Please return the full listing exactly as written, with the images removed.

Supplied data
[Start of Attachment]
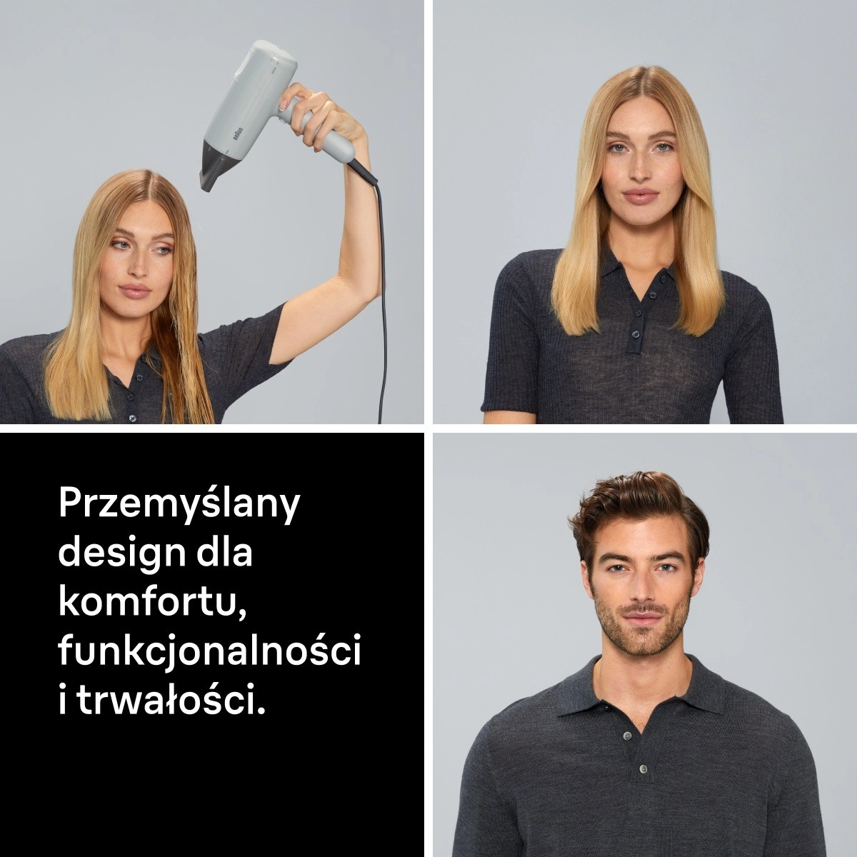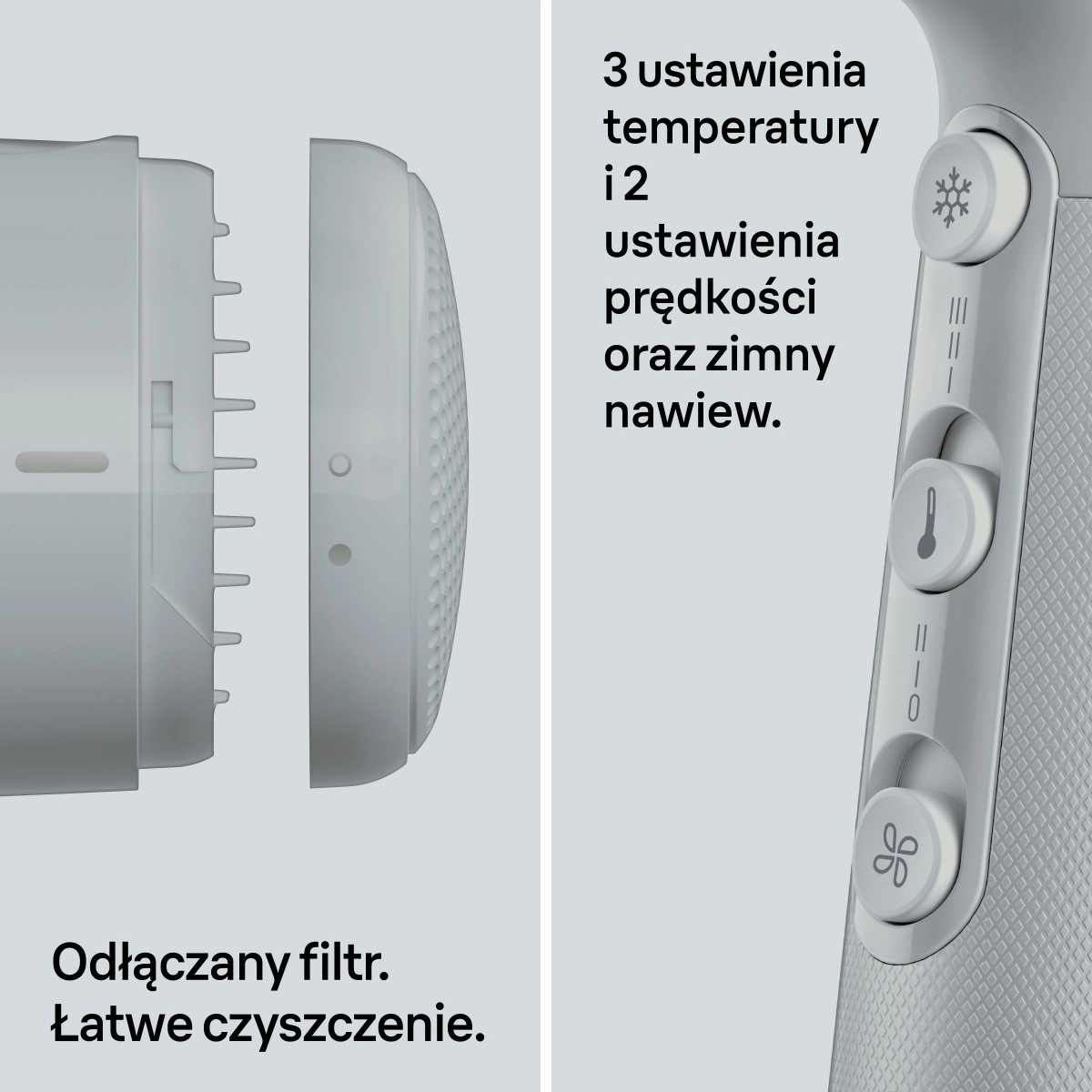 Design ergonomique compact, plusieurs niveaux de température et de vitesse, et touche air froid pour un réglage de séchage parfait.
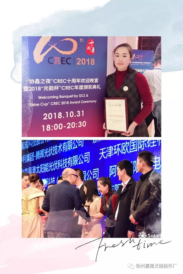 10月31日,由中國(無錫)國際新能源大會暨展覽會CREC、Solarbe索比光伏網、《光能》雜志共同主辦的2018CREC光能杯光伏行業頒獎晚會盛大召開,徐州嘉寓光能榮獲“年度優秀組件企業大獎”。
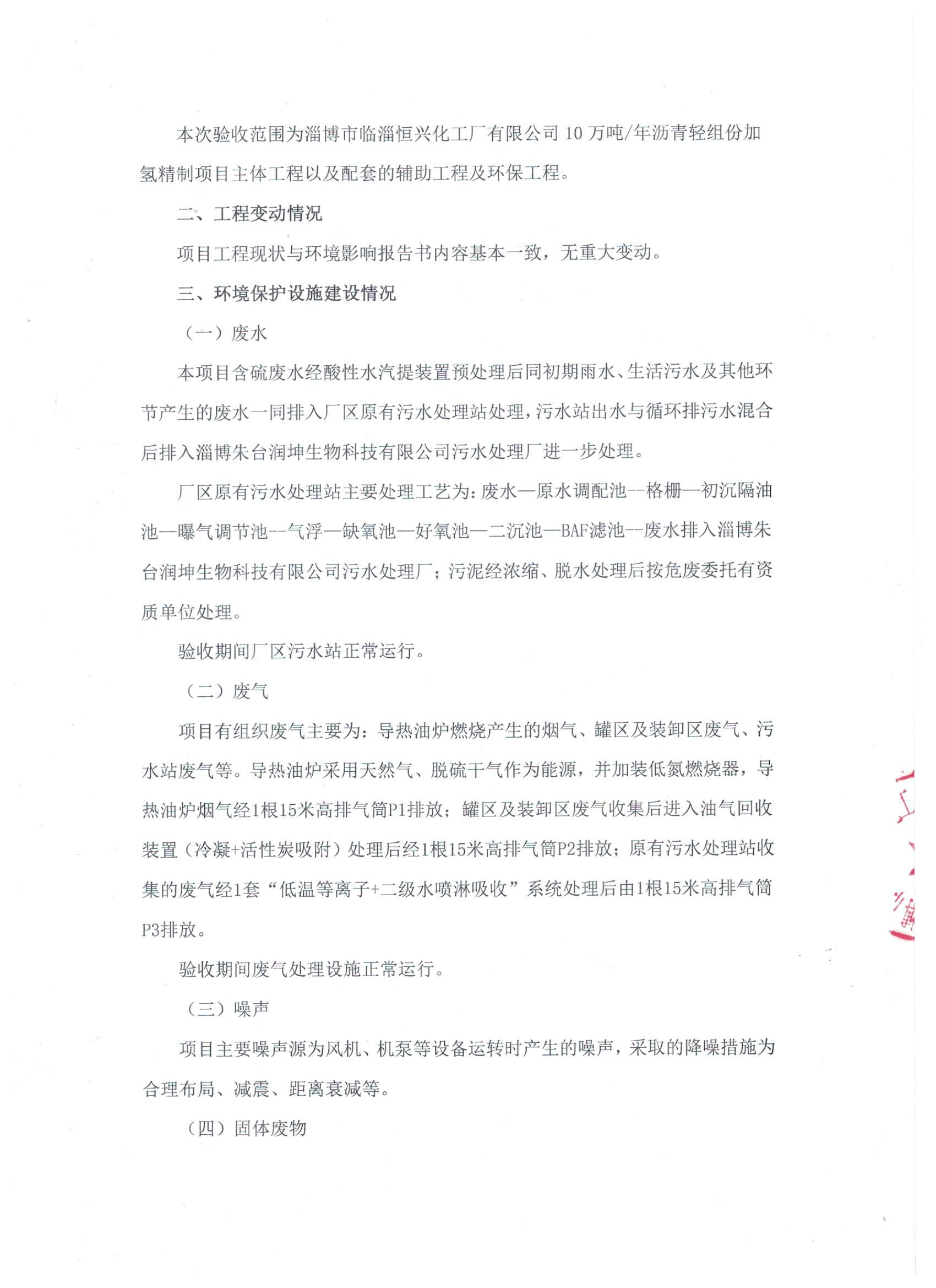 淄博市临淄恒兴化工厂有限公司10万吨/年沥青轻组分加氢精制项目竣工环境保护验收公示
[End of Attachment]
Your solution
 Design ergonomique compact, plusieurs niveaux de température et de vitesse, et touche air froid pour un réglage de séchage parfait.
 10月31日,由中國(無錫)國際新能源大會暨展覽會CREC、Solarbe索比光伏網、《光能》雜志共同主辦的2018CREC光能杯光伏行業頒獎晚會盛大召開,徐州嘉寓光能榮獲“年度優秀組件企業大獎”。
 淄博市临淄恒兴化工厂有限公司10万吨/年沥青轻组分加氢精制项目竣工环境保护验收公示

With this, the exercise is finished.